Would you repeat word for word the lines of the listing that follows, from the one with "中庭裝飾始終以黨建引領(lǐ" up to and including the one with "자세한 내용은 각 도서관", and leave out the images?

• SUPPLIED RECORDS
- Opening Delimiter -

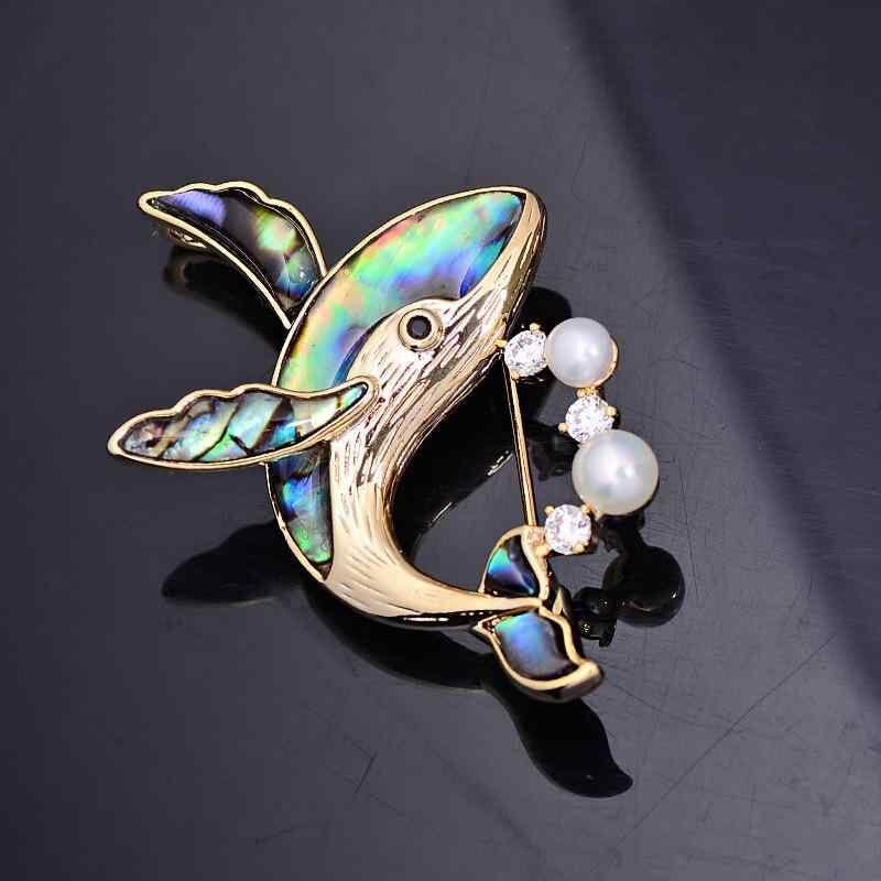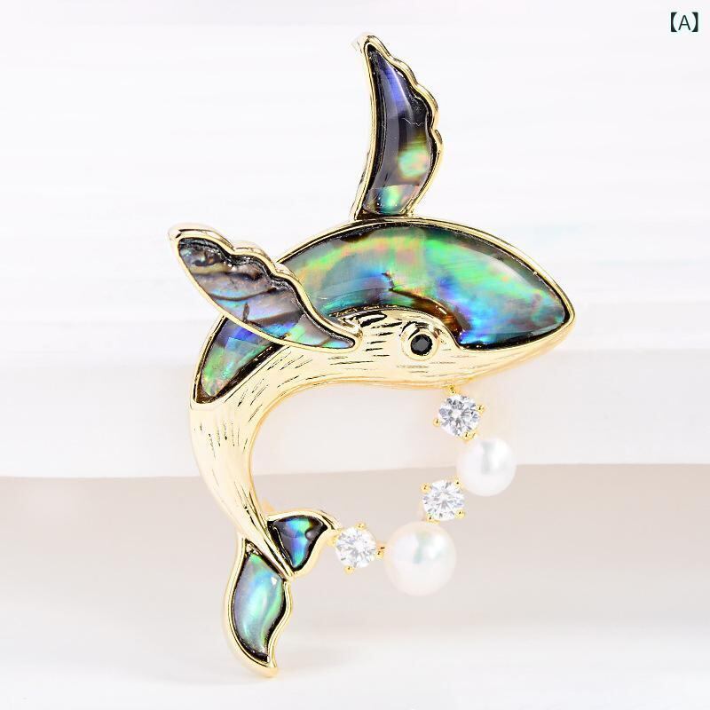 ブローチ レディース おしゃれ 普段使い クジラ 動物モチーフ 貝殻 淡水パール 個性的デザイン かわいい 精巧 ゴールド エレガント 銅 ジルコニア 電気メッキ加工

- Closing Delimiter -
- Opening Delimiter -

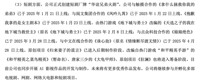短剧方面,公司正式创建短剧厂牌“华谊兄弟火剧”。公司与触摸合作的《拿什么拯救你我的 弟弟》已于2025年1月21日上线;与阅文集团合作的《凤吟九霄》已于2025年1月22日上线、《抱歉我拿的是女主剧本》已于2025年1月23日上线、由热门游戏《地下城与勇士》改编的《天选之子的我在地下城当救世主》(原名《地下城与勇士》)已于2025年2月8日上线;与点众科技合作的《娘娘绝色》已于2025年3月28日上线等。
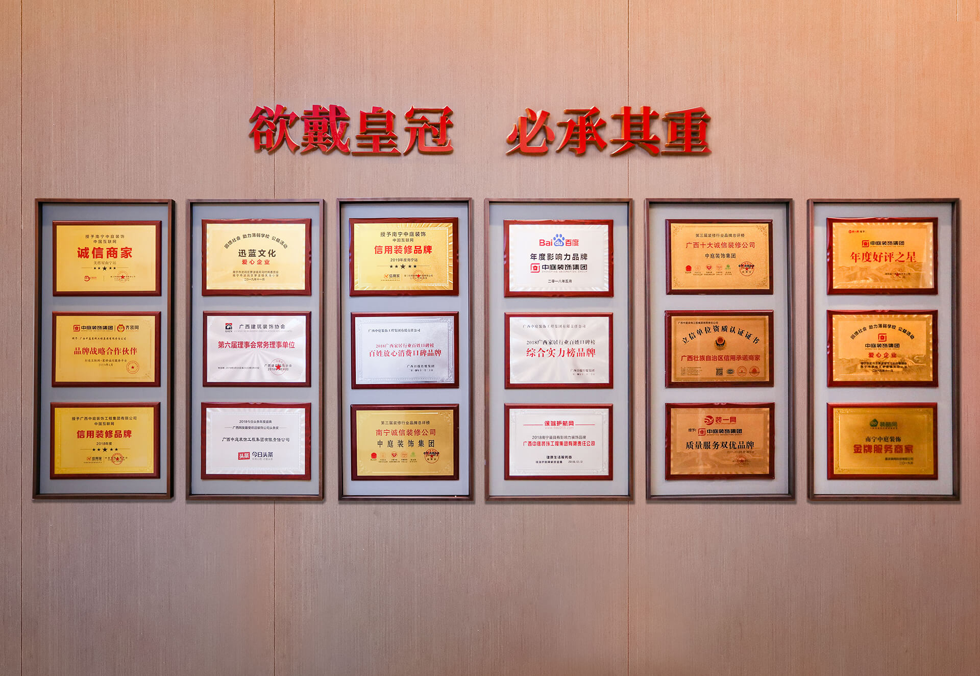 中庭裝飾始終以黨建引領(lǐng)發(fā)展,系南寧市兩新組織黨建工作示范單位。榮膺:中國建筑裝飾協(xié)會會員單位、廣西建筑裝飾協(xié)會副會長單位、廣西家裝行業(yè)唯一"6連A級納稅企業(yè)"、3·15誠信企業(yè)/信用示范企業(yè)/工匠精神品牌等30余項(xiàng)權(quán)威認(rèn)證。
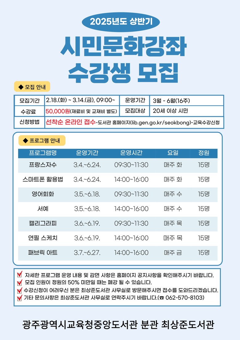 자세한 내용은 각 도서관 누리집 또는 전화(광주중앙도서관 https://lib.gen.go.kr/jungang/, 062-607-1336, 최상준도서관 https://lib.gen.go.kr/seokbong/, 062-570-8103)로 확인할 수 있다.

- Closing Delimiter -

• OUTPUT
 中庭裝飾始終以黨建引領(lǐng)發(fā)展,系南寧市兩新組織黨建工作示范單位。榮膺:中國建筑裝飾協(xié)會會員單位、廣西建筑裝飾協(xié)會副會長單位、廣西家裝行業(yè)唯一"6連A級納稅企業(yè)"、3·15誠信企業(yè)/信用示范企業(yè)/工匠精神品牌等30余項(xiàng)權(quán)威認(rèn)證。
 자세한 내용은 각 도서관 누리집 또는 전화(광주중앙도서관 https://lib.gen.go.kr/jungang/, 062-607-1336, 최상준도서관 https://lib.gen.go.kr/seokbong/, 062-570-8103)로 확인할 수 있다.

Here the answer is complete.